Linda K. Muthen posted on Tuesday, December 13, 2005 - 9:19 am

IT sounds like latent class analysis would be a good approach. LCA is a type of cluster analysis. It performs better than k-means clustering due to the fact that variances do not need to be equal across classes.

Tonia F posted on Friday, January 27, 2006 - 10:32 am

I would really appreciate some advice as I've never done cluster analysis before. I am working with population-based data of about 10,000 women. I have 5 binary/dichotomous (coded 0, 1) variables for types of violence: control, fear, demean, physical, sexual). We want to know which forms of violence are likely to co-occurr. Others in the field have used cluster analysis to identify patterns. Is this an appropriate technique? Is Hierarchical clustering best? Kmeans? If Hierarchical, is single, complete or average linkage appropriate based on my data? There are so many decisions to make but unsure which are the right ones based on my data.
Many many thanks!

Linda K. Muthen posted on Saturday, January 28, 2006 - 9:13 am

I think Latent Class Analysis would be appropriate for your data and reseach question. I think it is a preferred clustering technique over K-means clustering for example.

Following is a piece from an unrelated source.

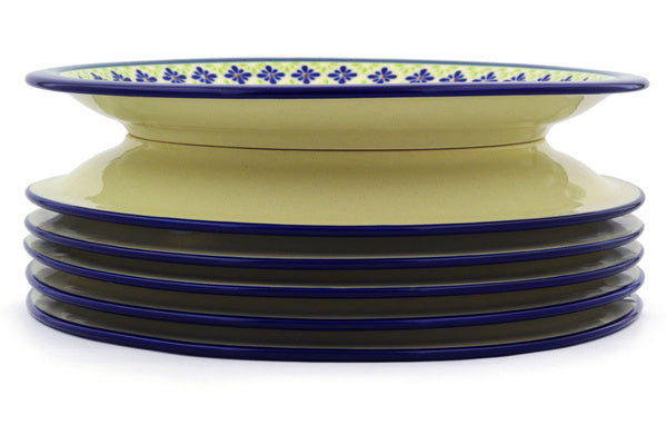 This Polish Pottery 11" Set of 6 Plates - Green Gingham Peacock is handmade and handpainted by the Zaklady Ceramiczne factory in Boleslawiec, Poland.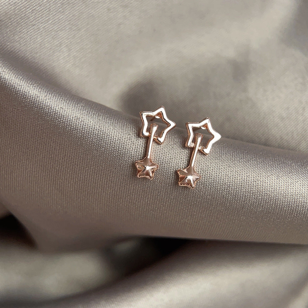 C廠【3866】迷你版電鍍玫瑰金小流星可愛通勤小耳環清新甜美簡約耳飾 24.04-2

Tonia F posted on Tuesday, January 31, 2006 - 12:42 pm

Thank you for your response Dr. Muthen. Is it possible to talk briefly about how one would determine the number of latent classes in a LCA. I am confused as to whether one would start with the minimum or maximum number of possible classes. In my situation, the maximum number is quite a lot.
Many many thanks!

Linda K. Muthen posted on Tuesday, January 31, 2006 - 1:15 pm

In my experience, one starts with the two class solution and goes up from there. I suggest you look at the B. Muthen paper in a book edited by Kaplan which can be downloaded from the website. It shows a strategy for determining the number of classes.

anon posted on Wednesday, February 08, 2006 - 5:05 pm

i have a question about how to determine the most optimal clustering solution. can it be done by examining the BIC's alone? can entropy be used? both? what do you advise?

have seen bits and pieces of this question asked, but never in a straightforward manner.

thanks for your help.

bmuthen posted on Wednesday, February 08, 2006 - 6:29 pm

There are several criteria in addition to BIC - and another one coming in Mplus Version 4 (bootstrapped LRT). For an overview, see my 2004 chapter in the Kaplan handbook - the pdf is on our web site:

http://www.statmodel.com/recpapers.shtml

Elaine Zanutto posted on Friday, September 25, 2009 - 10:43 am

Can you tell me where to find this paper? This link is no longer valid.

"There are several criteria in addition to BIC - and another one coming in Mplus Version 4 (bootstrapped LRT). For an overview, see my 2004 chapter in the Kaplan handbook - the pdf is on our web site:

http://www.statmodel.com/recpapers.shtml "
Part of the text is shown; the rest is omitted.